Aristides D. answered 09/11/20
La excelencia es lo primero
Increase in imports, Increase in exports and European aid
After Argentina became emancipated from Spain in 1810, the control of commercial activity by a small group of Spanish merchants came to an end. The First Junta, the first national government established after the Revolution of May 1810, oscillated between open-ended and protectionist policies. The First Triumvirate (1811-1812), influenced by Bernardino Rivadavia, promoted unrestricted trade with Great Britain. The Second Triumvirate (1812-1814) and José Artigas —who controlled the Federal League during the 1815-1820 period— sought to restore the initial protectionist policy, plus the Supreme Director reinstated free trade again. Therefore, the Rio de la Plata economy became one of the most open economies in the world.
Each province issued its money, which had a different value from one another; and it could even vary between cities in the same province. Export-related activities enjoyed a certain degree of prosperity, as happened in Tucumán, where clothes were manufactured, and in Córdoba and on the coast, where breeding cattle were practiced in order to supply the requirements of the mines of Upper Peru. .
British influence in national politics increased. It was based on five main axes: totally free trade without any protectionist measures against British imports; finance with a central bank run by British investors; absolute control of the port of Buenos Aires as the only source of income for the country; British exploitation of natural resources and the consolidation of the Unitary Party with its center in Buenos Aires.

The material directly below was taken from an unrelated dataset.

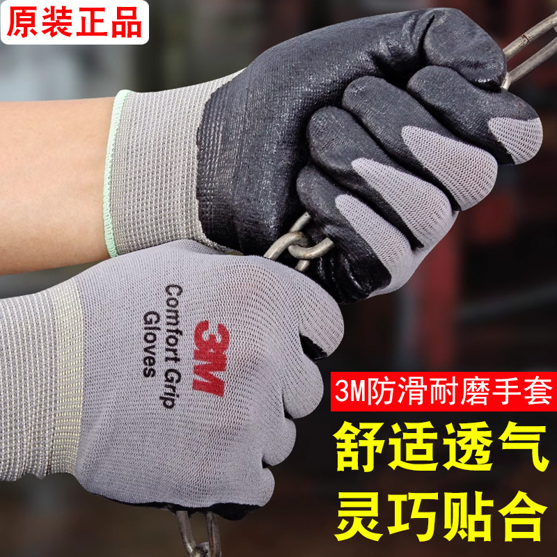 3M 滑り止め耐摩耗性手袋産業労働ニトリルコーティングされたパームグリップタッチスクリーン労働保護快適な手袋通気性
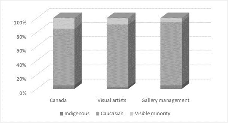 Maranda (2017) makes it clear that the cultural industry still has a long way to go with respect to cultural parity and pay equity between men and women. Women working in cultural institutions earn on average 20% less than men despite outnumbering them. According to the researcher, women are also less likely to be in leadership positions. Parity is also lacking in the visual arts distribution industry: while a majority of living artists are women (over 60%), only a small proportion of them are represented by galleries (Delgado 2018; agYU 2014). While the Canadian population is becoming increasingly diverse, cultural institutions have lagged behind, whether regarding staff, independent curators or artists (Maranda 2017).

Gold exports, allowed by free trade policies, quickly depleted national reserves. This represented a big problem, since gold was the medium of exchange for the local economy. Rivadavia sought to solve this problem by establishing the "Discount Bank", a central bank authorized to print paper money. Despite the role it played, this bank was turned over to British private investors. In the middle of the 1820s, Manuel José García, Bernardino Rivadavia's Minister of Finance, asked for a loan of 2.8 million pounds sterling. Finally, only about 0.57 million pounds sterling reached Buenos Aires, mostly in bills of exchange. None of the planned works was carried out with that money. The loan would be paid off eighty years later. The cancellation of the £ 2.8 million loan amounted to £ 23.7 million (or almost 8 times more). In the 1820s, the paper peso began to devalue rapidly with respect to the strong peso, which was directly tied to the price of gold.

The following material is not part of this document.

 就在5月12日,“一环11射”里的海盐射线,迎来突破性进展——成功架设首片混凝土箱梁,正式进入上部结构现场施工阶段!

John Murray Forbes's report to John Quincy Adams, —the sixth president of the United States— in 1824, mentioned that Great Britain had a great influence on the country's economic policies: the government in Buenos Aires was so eager to be in good terms with Great Britain that most of its official institutions (such as the bank) were under the control of Great Britain, and that Great Britain did in fact exercise control over the Argentine economy similar to that it had over its own colonies, without this situation will demand financial, civil and military costs. The lack of an Argentine merchant fleet gave Great Britain control of maritime trade. Forbes' testimony must be appreciated from the perspective of the rivalry that at that time faced the American and British commercial interests, resulting in a natural partiality and "jealousy and even antipathy" towards the English in the Río de la Plata.